**Exercise:** Given these entries, repeat exactly the lines starting with the one that has "8шт 2 стильные" and going on through the one that has "경기도와 경기도일자리재단은 12일", both included, but none of the pictures.

Records provided START

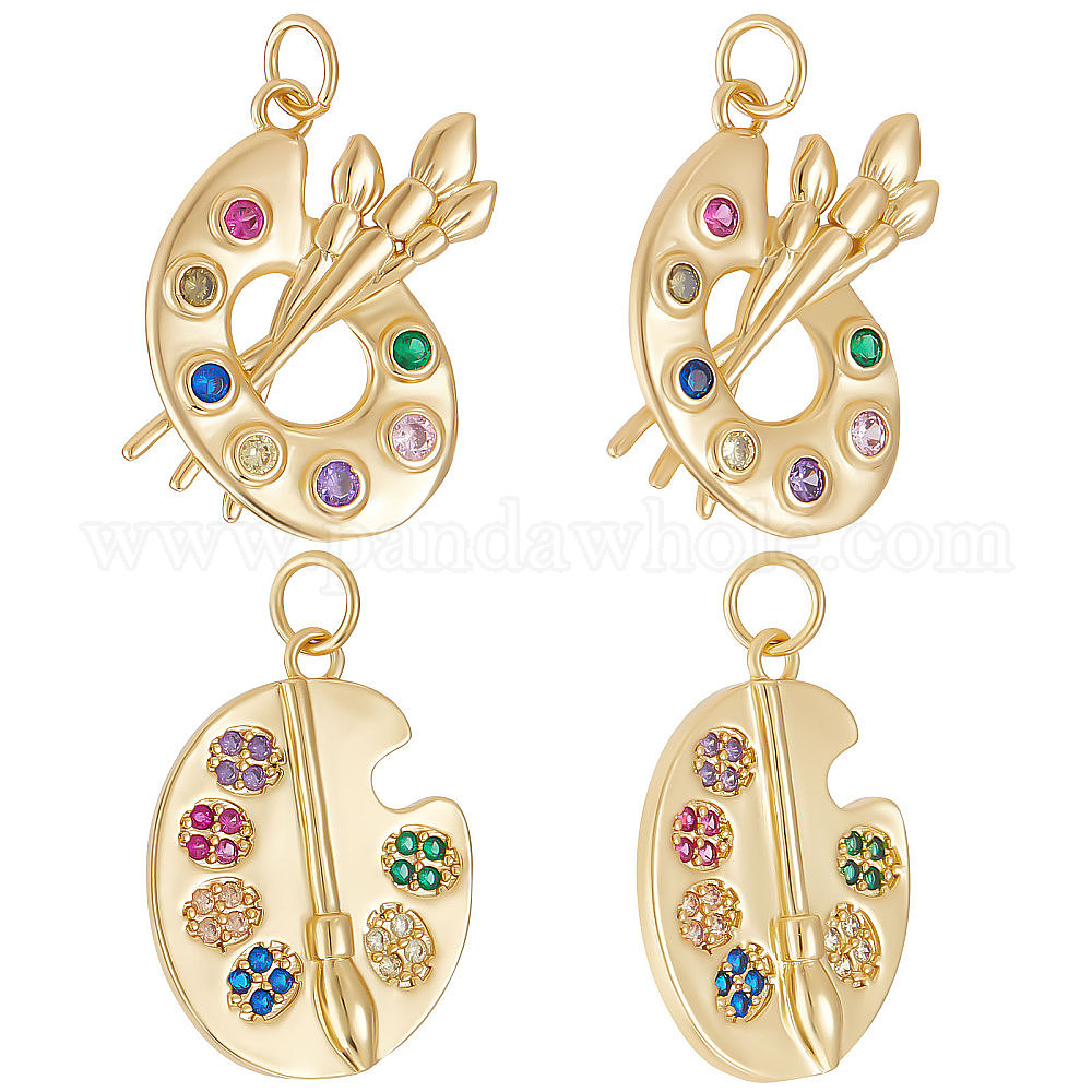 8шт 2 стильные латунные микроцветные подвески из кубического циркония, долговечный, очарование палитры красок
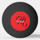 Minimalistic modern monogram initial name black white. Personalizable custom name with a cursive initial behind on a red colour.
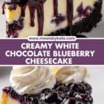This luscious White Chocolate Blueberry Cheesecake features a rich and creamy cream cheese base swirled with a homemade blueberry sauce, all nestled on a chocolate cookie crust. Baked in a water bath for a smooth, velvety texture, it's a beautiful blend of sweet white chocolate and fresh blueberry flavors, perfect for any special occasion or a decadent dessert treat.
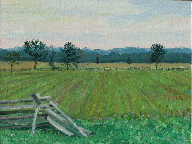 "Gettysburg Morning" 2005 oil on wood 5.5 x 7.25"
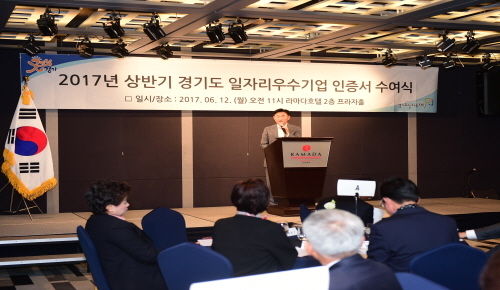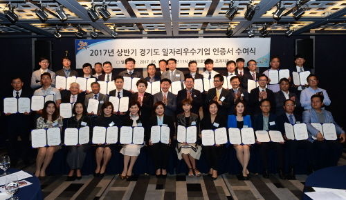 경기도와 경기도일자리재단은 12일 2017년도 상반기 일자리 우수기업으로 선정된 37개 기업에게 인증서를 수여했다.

Records provided END
Records provided START

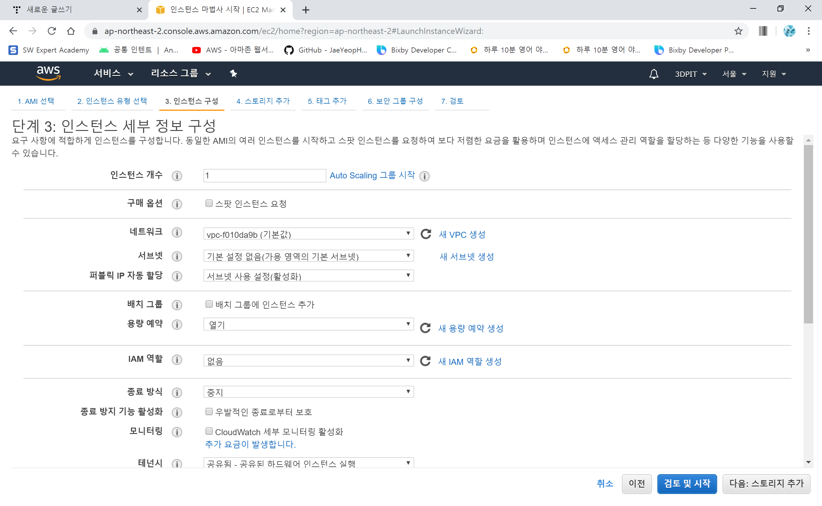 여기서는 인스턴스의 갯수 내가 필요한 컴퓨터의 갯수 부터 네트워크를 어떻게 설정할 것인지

Records provided END

**Result for this task:**
 8шт 2 стильные латунные микроцветные подвески из кубического циркония, долговечный, очарование палитры красок
 Minimalistic modern monogram initial name black white. Personalizable custom name with a cursive initial behind on a red colour.
This luscious White Chocolate Blueberry Cheesecake features a rich and creamy cream cheese base swirled with a homemade blueberry sauce, all nestled on a chocolate cookie crust. Baked in a water bath for a smooth, velvety texture, it's a beautiful blend of sweet white chocolate and fresh blueberry flavors, perfect for any special occasion or a decadent dessert treat.
 "Gettysburg Morning" 2005 oil on wood 5.5 x 7.25"
 경기도와 경기도일자리재단은 12일 2017년도 상반기 일자리 우수기업으로 선정된 37개 기업에게 인증서를 수여했다.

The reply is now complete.